The contest was a highlight of the annual Hemingway Days festival that ended Sunday, a day before the 109th anniversary of the legendary author’s birth.
Tom Grizzard of Leesburg bested 141 other look-alike contenders in the competition at Sloppy Joe's Bar, Hemingway's favorite watering hole when he lived in Key West throughout the 1930s. The competition's final round was held late Saturday.
"I relate to his love of the sea and love of people," said Grizzard, an eight-time competitor who wore a cream-colored turtleneck sweater suggesting Hemingway’s garb in an iconic 1957 photo portrait by Yousuf Karsh.
A one-time fishing guide who has fished in Havana’s Hemingway International Billfish Tournament, Grizzard prefers "Islands in the Stream" over Hemingway’s other books. His own writing, he joked, is limited to appraisals for his commercial real estate business.
Look-alike contenders in sportsman's attire paraded across the stage at Sloppy Joe's during preliminary rounds Thursday and Friday before a judging panel of former winners.
Twenty-five prospective "Papas" made it to Saturday's finals including Denis Golden of Rockport, Mass., who pleaded for victory onstage by parodying a song from the musical "Fiddler on the Roof."
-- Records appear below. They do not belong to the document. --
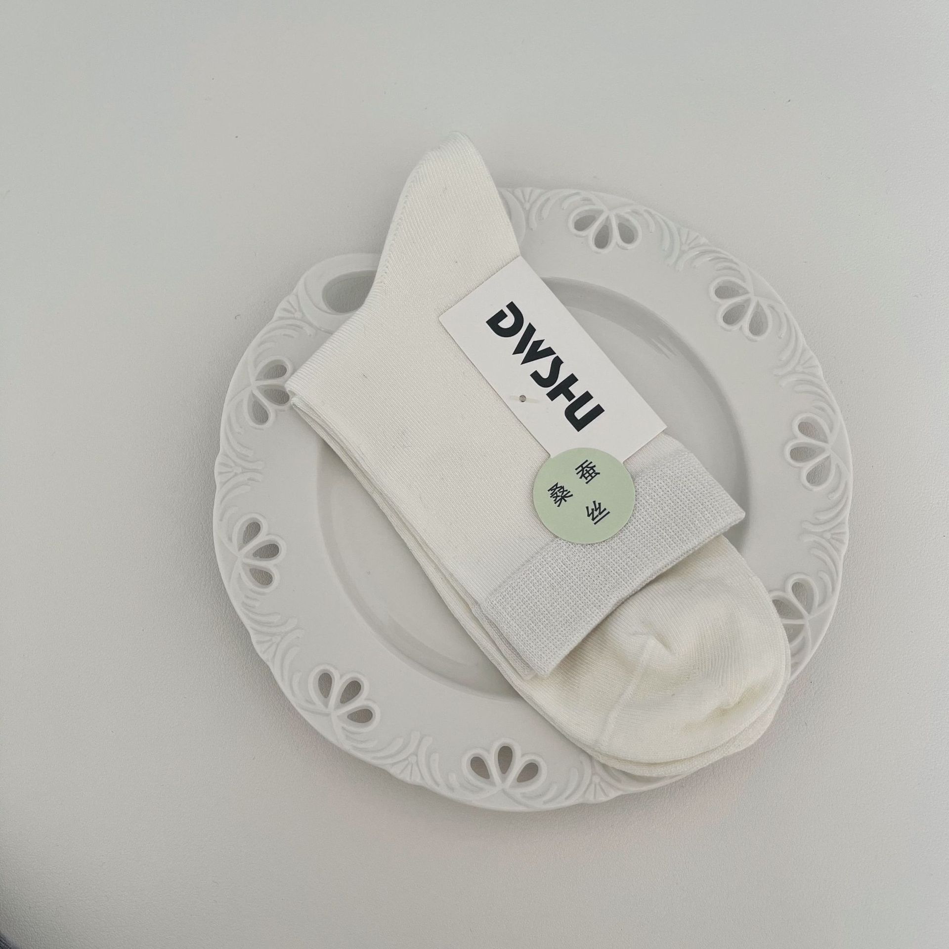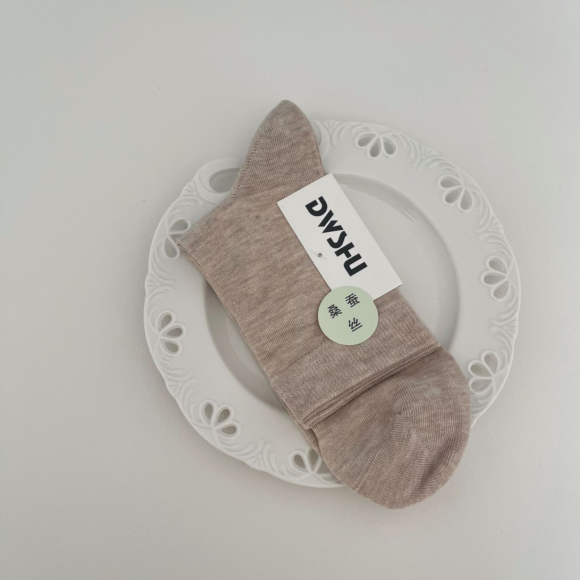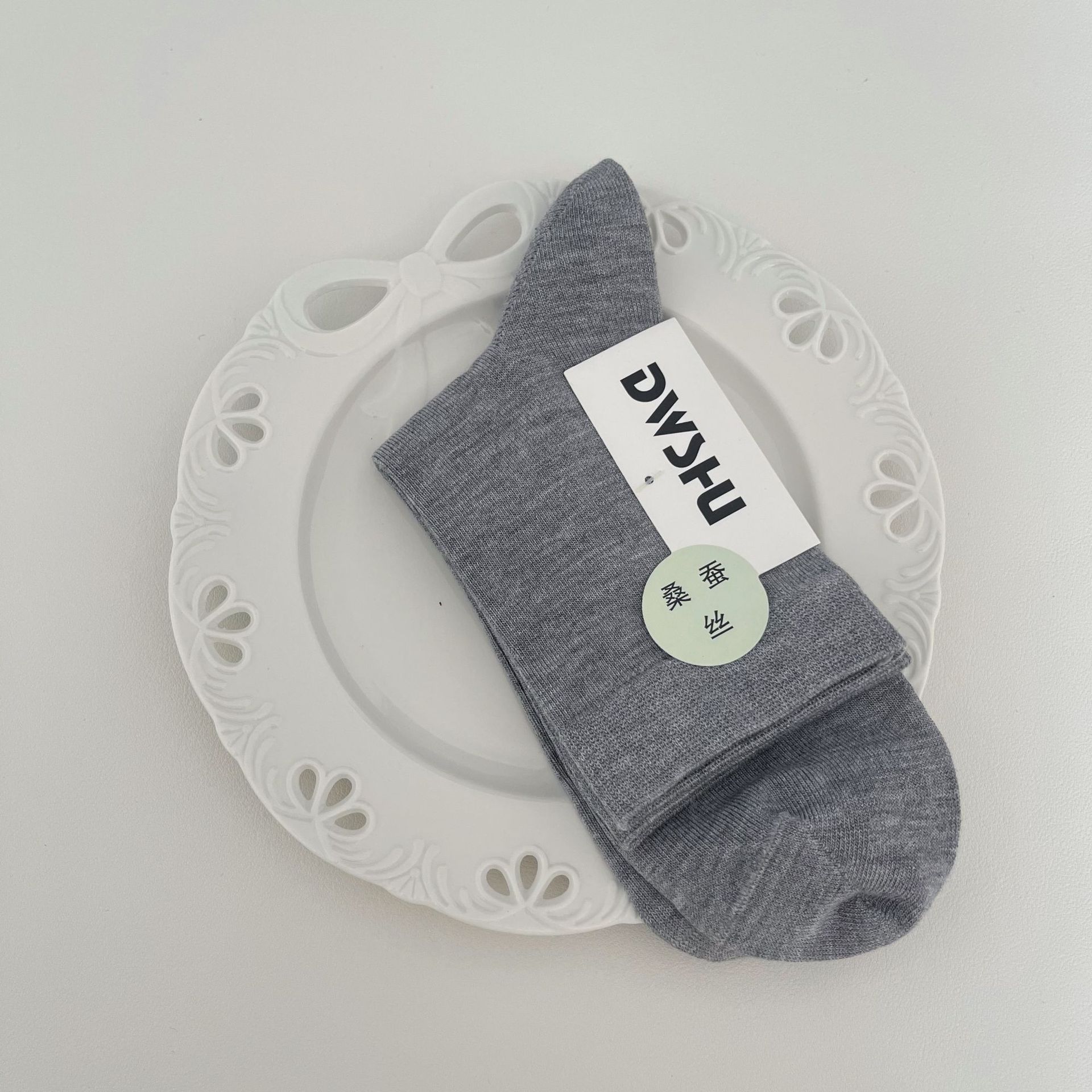 高品质春夏桑蚕丝透气无骨纯色简约男女中筒袜子透气吸汗薄款堆堆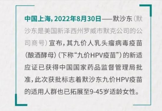 默沙东宣布九价HPV疫苗接种年龄由原来的16-26岁,变成了9-45岁。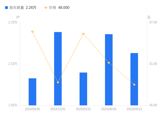 近一年(2024年9月30日至2025年9月10日),航天电器A股股东户数从1.89万户,增加至2.26万户,增幅19.31%,区间股价下跌5.16%。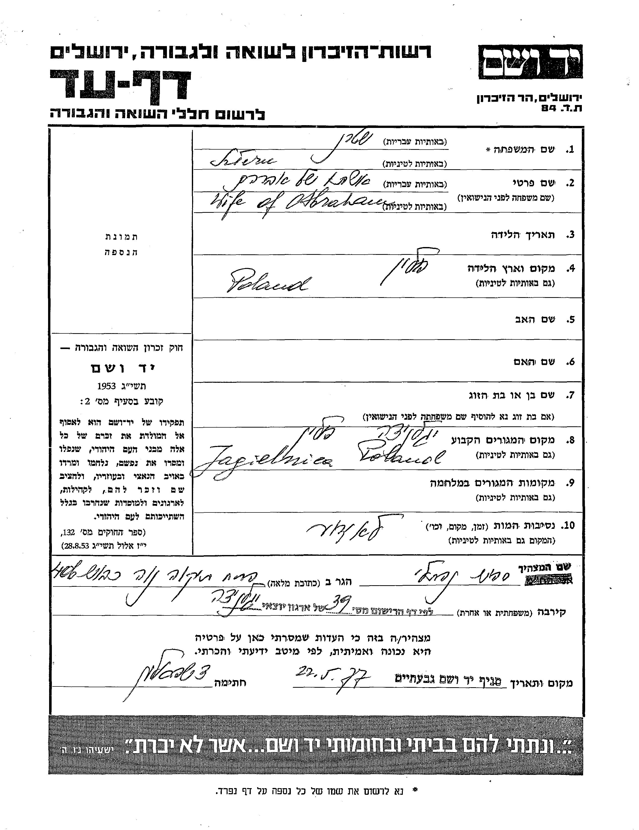 Yad Vashem - Pages of Testimony Names Memorial Collection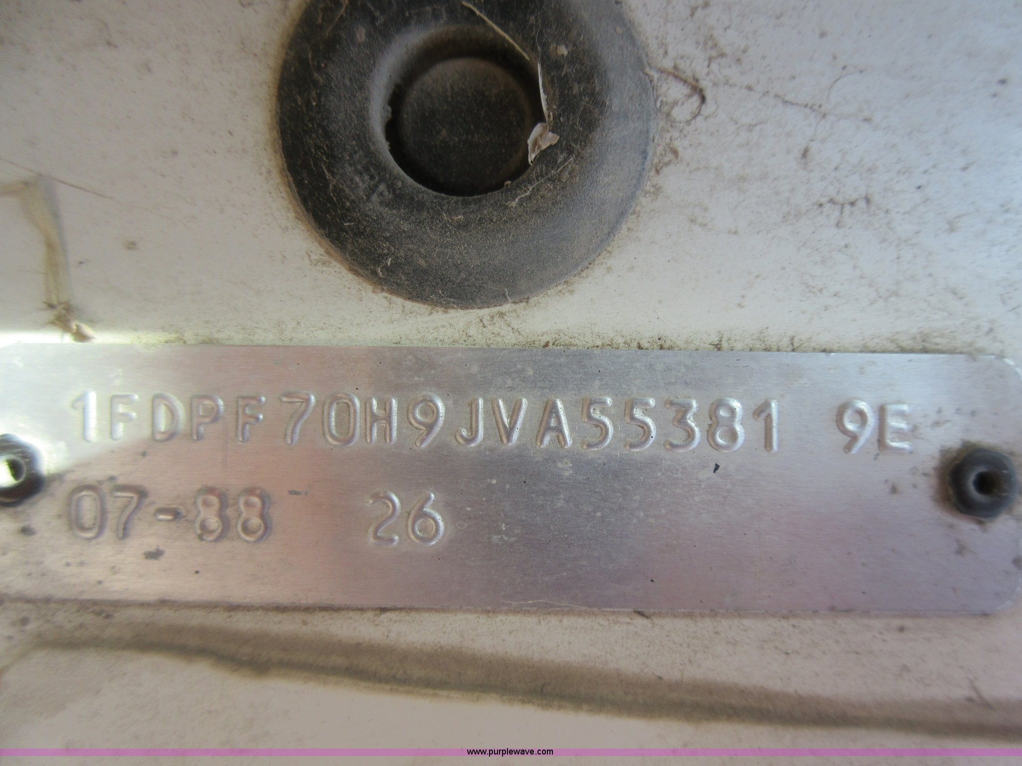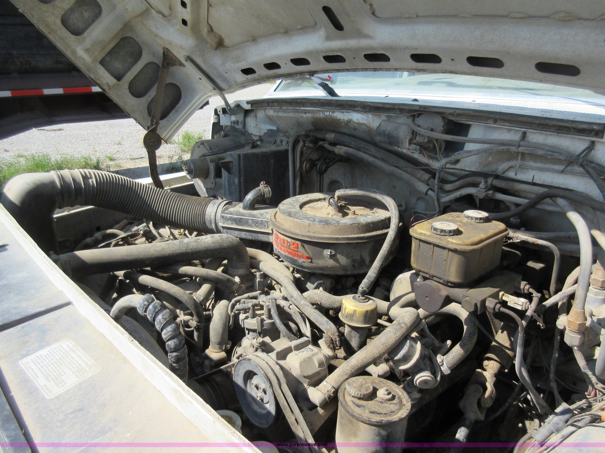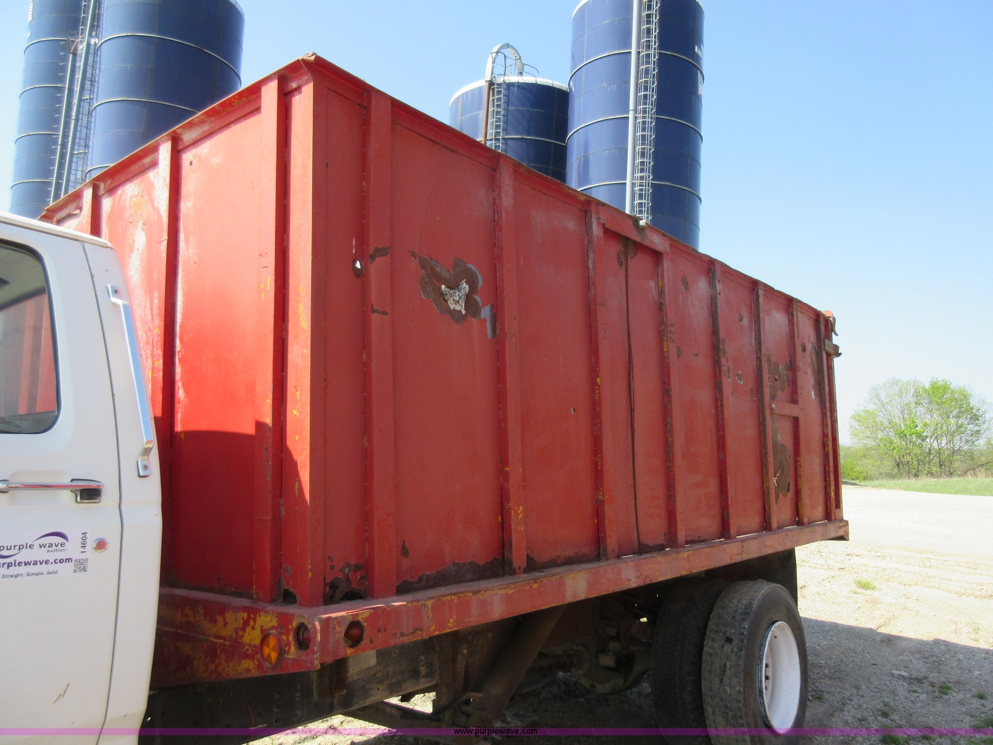 Purple Wave is selling a used Grain Truck in Missouri. This item is a 1988 Ford F700 grain truck with the following: 15,629 miles on odometer, Ford 6.1L V8 gas engine, Five speed manual transmission, Two speed rear end, Heat, 16'L x 8'W x 5'H dump bed, PTO, Spring suspension, Hydraulic brakes, 207" wheelbase, 11R22.5 tires, Flat tire, Unknown operating condition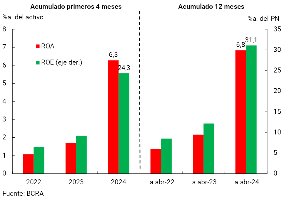 A nivel del sistema financiero agregado, el desempeño de los niveles de capital viene siendo impulsado mayormente por los resultados positivos obtenidos, en un marco en el que gradualmente se viene readecuando la normativa de distribución de utilidades10. En relación con la rentabilidad, en los últimos 12 meses el sistema financiero tuvo resultados totales integrales en moneda homogénea equivalentes a 6,8% del activo (ROA) y 31,1% del patrimonio neto (ROE) (ver Gráfico 11). La rentabilidad acumulada del sector aumentó en una comparación interanual, principalmente por un mayor margen financiero (aumento de las primas por pases, ajustes CER, diferencias de cotización y resultados por títulos valores, atemperado por mayores egresos por intereses), efecto compensado parcialmente por un incremento de las pérdidas por exposición a partidas monetarias y de los egresos impositivos, entre otros conceptos.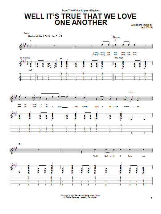Download or print The White Stripes Well It's True That We Love One Another sheet music, chords and digital score arranged for Guitar Tab. This Pop score includes 6 page(s).

Other Hemingway Days events included the Drambuie Key West Marlin Tournament, writers’ readings and a short story competition directed by author and Hemingway granddaughter Lorian Hemingway.
Glenys Osborne of Melbourne, Australia, earned the short story contest’s $1,000 first prize for "How Can I Write Your Story?", chosen from more than 1,110 submissions.
The story recounts the death of a self-destructive musician and his grieving friend's struggle to honor his life in words.
"This is a story of friendship, the kind that is true and honest to the bone," said Lorian Hemingway.
Ernest Hemingway's grandson Edward Hemingway, a writer and illustrator who showcased his new children’s book at the festival, said he thought Hemingway Days would appeal to his late grandfather.
"I imagine my grandfather would get a kick out of the festival,” he said. “The spirit of his life is here in Key West.”
During his 10-year residence on the island, Ernest Hemingway penned literary classics including "For Whom the Bell Tolls," "The Snows of Kilimanjaro" and "To Have and Have Not."
Festival organizers announced July 21-26 as dates for the 2009 festival.